Some of the characters in my short stories and novel curse: some do not. A wisecracking hairdresser, a frustrated father, a woman who has exploded with hurt and anger cusses out the man who hurt her. My guide is circumstances and what would be a natural “voice” for my character in those circumstances.

When I taught writing, some students had either discovered a range of four letter words (mostly just one) or were experiencing the freedom of their first year or two in college. Either way, they seemed to revel in including a minimum of two swear words in every sentence. When I suggested there might be another way to say the same thing, they’d retort that they liked what they had written. “Okay,” I’d say, “but will your reader?”

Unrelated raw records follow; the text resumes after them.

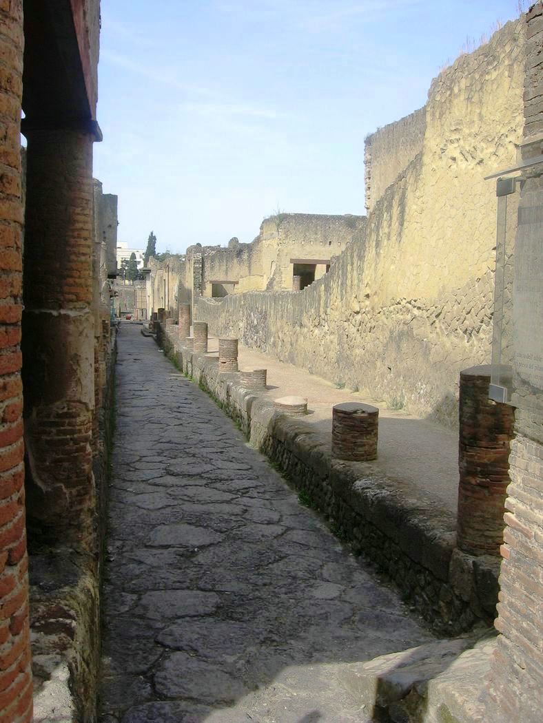 Přímo s posvátnou bázní jsem kráčela ulicí vydlážděnou několik tisíc let starými omletými kameny, nakukovala s pokorou a v duchu i omluvou do jednotlivých domů a představovala si, jak to tam muselo být honosné a krásné. Protože na rozdíl od Pompejí bylo Herkulaneum městem „smetánky“, městem patricijů, a tak tam žilo daleko méně lidí než v Pompejích - zhruba prý tak 4 tisíce.
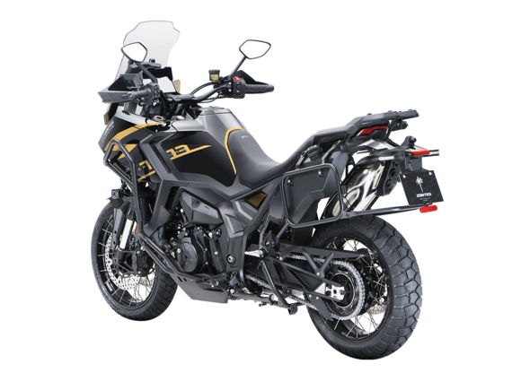 Мотоцикл ZONTES ZT703-F Tour 19/17 2025 – универсальный турэндуро, который подойдёт как для городских поездок, так и динамичных прохватов по грунту благодаря производительной подвеске. Узнайте, что такое настоящее наслаждение путешествием!Силовая установка представлена 3-цилиндровым 4-тактным двигателем объёмом 699 см³ с 4 клапанами на каждом цилиндре и 2 верхними распредвалами. Двигатель способен развивать мощность до 97,2 л.с. при 10 000 об/мин и высокий крутящий момент 76 Н·м при 7500 об/мин, что позволяет развивать большую скорость и с лёгкостью преодолевать трассы со сложным рельефом. Соотношение диаметра цилиндра и хода поршня 70х60,6 мм. Степень сжатия 13:1. Может работать в 2 режимах: ECO и SPORT. Запуск двигателя осуществляется с помощью бесключевого доступа. Установлена алюминиевая защита.Жидкостная система охлаждения эффективно поддерживает оптимальную температуру двигателя. На мотоцикл установлена 6-ступенчатая коробка передач, оснащённая квик-шифтером для переключения передач без использования рычага сцепления.В конструкции мотоцикла используется пространственная алюминиевая рама. Спереди и по бокам картера установлена металлическая защита двигателя. Выхлопная система оснащена стильным глушителем. Ёмкость топливного бака 22 литра.На мотоцикл установлены спицованные бескамерные колёса диаметром 19 дюймов спереди и 17 дюймов сзади. Подвеска изготовлена итальянским производителем MARZOCCHI. Спереди используется телескопическая вилка перевёрнутого типа с ходом 180 мм. Сзади установлен моноамортизатор с ходом 180 мм. Оба компонента регулируются.Дисковые гидравлические тормоза произведены компанией J.JUAN, входящей в холдинг BREMBO. Спереди используется двойной диск 310 мм с 4-поршневыми суппортами, а на заднем колесе расположен диск 260 мм с однопоршневым суппортом. Мотоцикл также оснащён 2-канальной ABS-системой с возможностью отключения, а также настраиваемой противобуксовочной системой.На мотоцикле используется яркая LED-оптика с дополнительным светом и многофункциональная приборная TFT-панель, положение которой можно регулировать. Рычаги тормоза и сцепления можно регулировать. Руль оснащён функцией подогрева и защитой рук. Спереди и сзади установлены видеорегистраторы. Мотоцикл оснащён датчиками давления в шинах. Ветровое стекло имеет электронную регулировку и настраивается через кнопки на руле. Имеется 2 USB-порта. Вещи можно перевозить в багажном отсеке, или присоединить кофры для перевозки: имеется площадка для установки центрального кофра и крепления для боковых кофров. Мотоцикл поставляется с центральной подножкой в комплекте.Габариты мотоцикла 2355x940x1395 мм. Колёсная база 1550 мм. Высота по седлу 810 мм. Вес 228 кг.Комплектация и внешний вид мотоцикла могут отличаться в зависимости от поставки. Изображение на сайте не гарантирует наличие тех или иных опций. Уточняйте информацию при оформлении заказа.
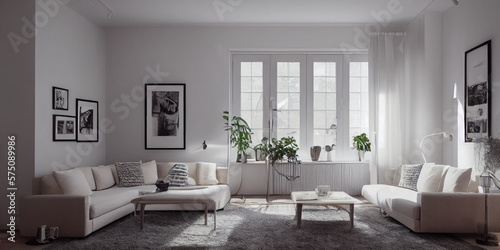 Stylish scandinavian living room with design mint sofa, furnitures, mock up poster map, plants and elegant personal accessories. Modern home decor. Bright and sunny room. Generative AI illustration.
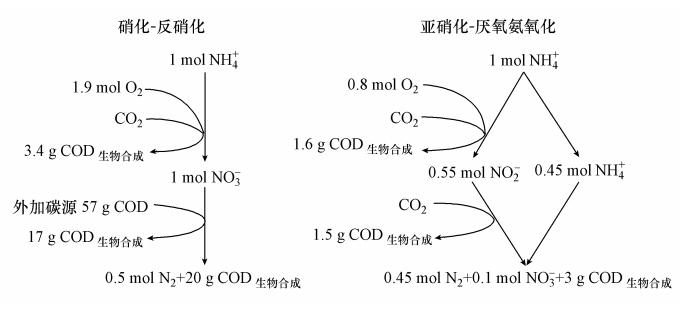 圖 2 硝化-反硝化工藝與亞硝化-厭氧氨氧化工藝的比較
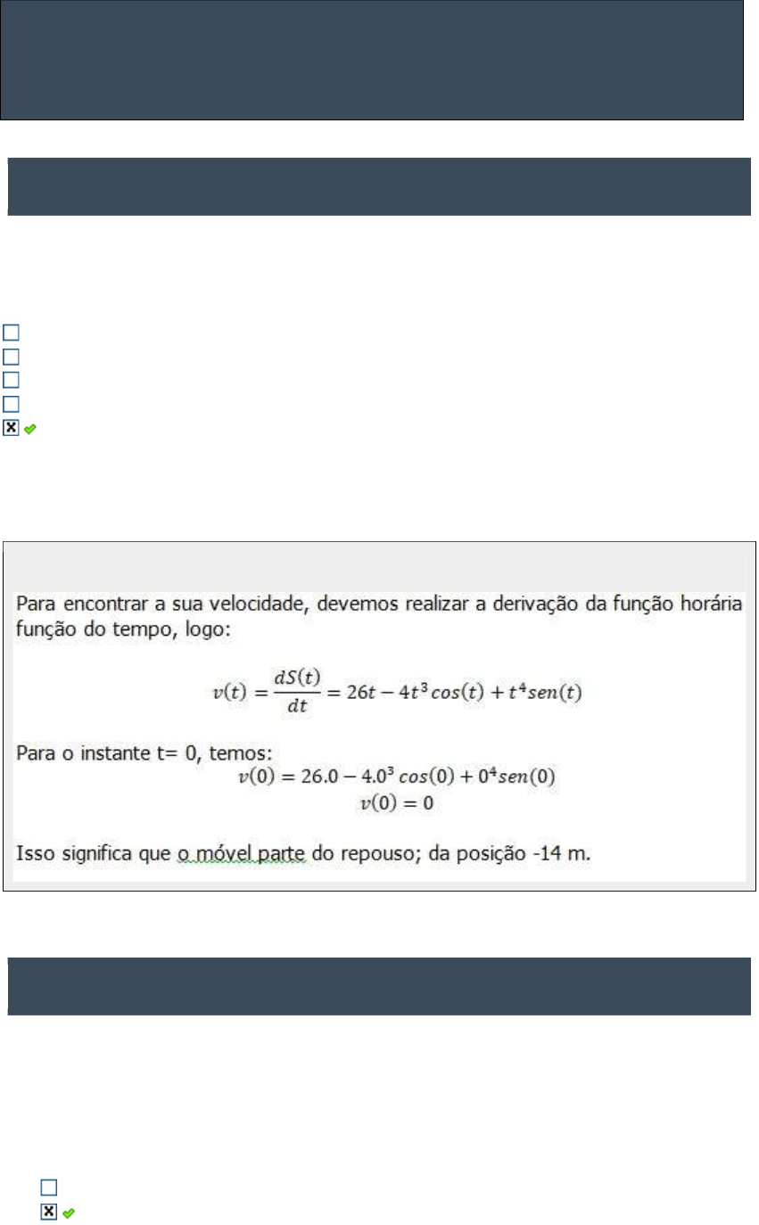 S(t)=-14 +13t2 -t4.cos(t). Qual a sua velocidade no instante t=0? Considere as unidades no SI.
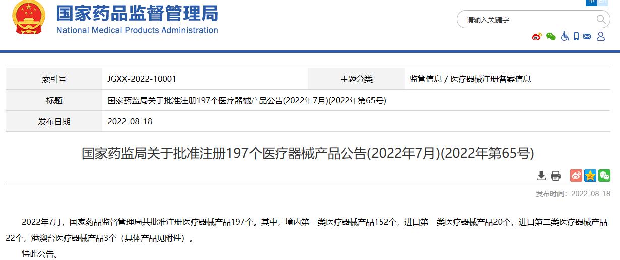 國(guó)家藥監(jiān)局關(guān)于批準(zhǔn)注冊(cè)197個(gè)醫(yī)療器械產(chǎn)品公告(2022年7月)(2022年第65號(hào))

That’s the fine line a writer has to walk. What is authentic and what is gratuitous? We all have a definition, depending on our upbringing, our values, the image we wish to project. My time on a sheep ranch, and later visiting on other ranches, inured me to finding “language” offensive; however, like anything else, the situation dictates the response. Most of us differentiate our behavior depending on how solemn or rowdy the occasion warrants. So must our characters.

It would seem unusual for a character, regardless how constrained and conservative, to utter, “Goodness, I believe I just injured the digit on my left hand,” when the jack just slipped and he smashed his finger. Or to have a driver utter, “My, my, that car is coming straight at me,” before a collision. You can supply the more typical responses.

It all comes down to knowing your characters, gauging their typical responses, portraying their level of emotional involvement, and keeping their dialogue real.

Note: Uncle Bill is somewhere laughing his . . . head . . . off.